Ajahn Viradhamo, The Contemplatives Craft p105
I already know that I have had many many frustrating experiences with printers over the years, so taking Ajahn Viradhamo’s advice, it would have been useful for me to recognise that I get frustrated by the failure of printers, and that I have a preconceived idea that they will thwart my plans.
In some ways this is why I find the mundane moments of our lives so useful to investigate because those situations like the one Ajahn Viradhamo is talking about are really easy to recognise, it’s all the little bits in between the ‘big stuff’ that flies under the radar but it is just as important.
Given that practice is about gradually learning to change our habitual responses to things, it means that all those little moments can be just as important as the big ones. These little moments, where we’re not paying as much attention to what we’re feeling or thinking, are entirely driven by habit – which is exactly what we’re supposed to be working on.
Now that I have had a chance to reflect on it I can now recognise that using printers often creates feelings of frustration in me, so the next time it happens I am pre-primed to look for any inklings of frustration and intercept them.
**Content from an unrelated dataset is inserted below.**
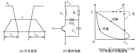 采用开通和关断缓冲电路,其负载线轨迹如图 (c)的实线所示。
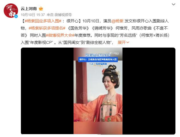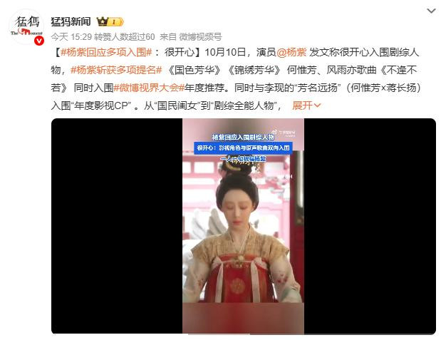 近日,多家官媒接连发文,高调官宣杨紫入围“微博视界大会年度推荐”。

I should treat working with printers as a taxing situation, and be ready to expect the feeling of frustration to come up. To deal with the feelings of frustration Ajahn Viradhamo recommends:
“If you can learn to simply stay with the disappointments that life inevitably brings, and know that in the disappointment there is just disappointment, then, in being the witness rather than the participant in the situation you’re practicing the roots of renunciation.”
Ajahn Viradhamo The contemplatives Craft p102
In the frustration there is just frustration, it’s just a feeling, there’s nothing real about it nor justified. If I leave it alone it goes away. If I pick it up it gets bigger and bigger, and I end up suffering. I already know this, but now I also know that it’s important for me to remember when I have to deal with a printer. And I can also recognise that with the ability to quickly reflect on a situation and see that there was nothing more than just reactions and feelings in it, that this sometimes brings with it a very subtle feeling of disappointment or embarrassment that I was taken in by it at the time. This too is just a feeling, so I can be ready to remind myself of that when it comes up again.
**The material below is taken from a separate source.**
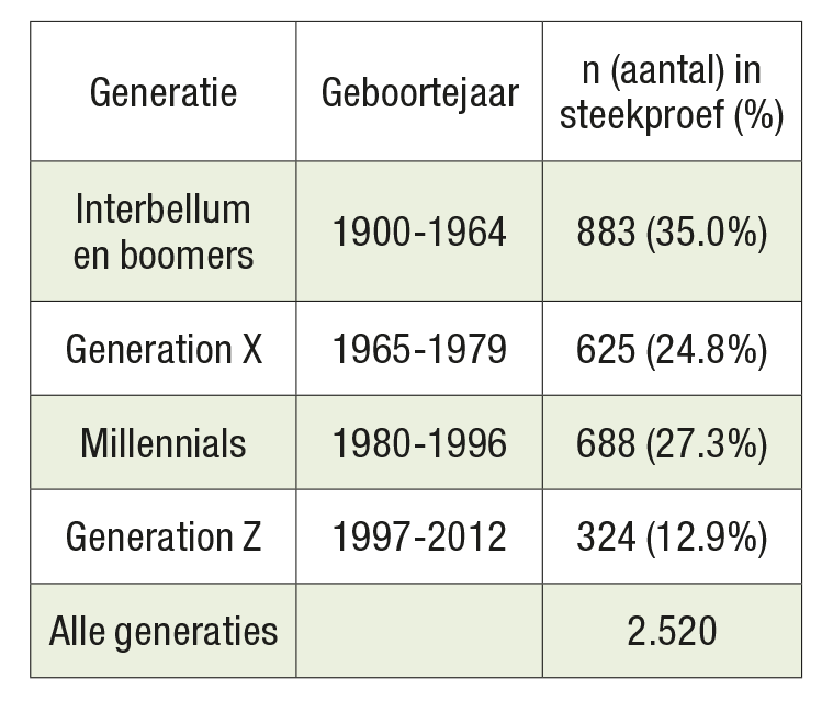 In volgende stappen bekijken we of er systematische verschillen zijn tussen de stemneiging enerzijds voor de verschillende generaties en anderzijds tussen mannen en vrouwen. We besteden daarbij extra aandacht aan een mogelijke genderkloof tussen verschillende generaties voor uitgesproken rechtse en linkse steun, uitgedrukt in partijvoorkeur. We onderscheiden vier grote generaties op basis van het geboortejaar (TABEL 1).

The constant application of unwavering mindfulness would be the answer to all of this, but the path is a gradual one and using little moments like this we can grow more mindful more often in a steady way. A journey of 1000 miles not only begins with one step, but it is made up of one step after another too, so if we keep developing our mindfulness one step at a time then in time we will accumulate a lot of growth. And if you ever find yourself thinking that you’ll never make progress without going to Thailand for a 3 month retreat then remember that there is practice available to us in every single moment if we turn our attention to it.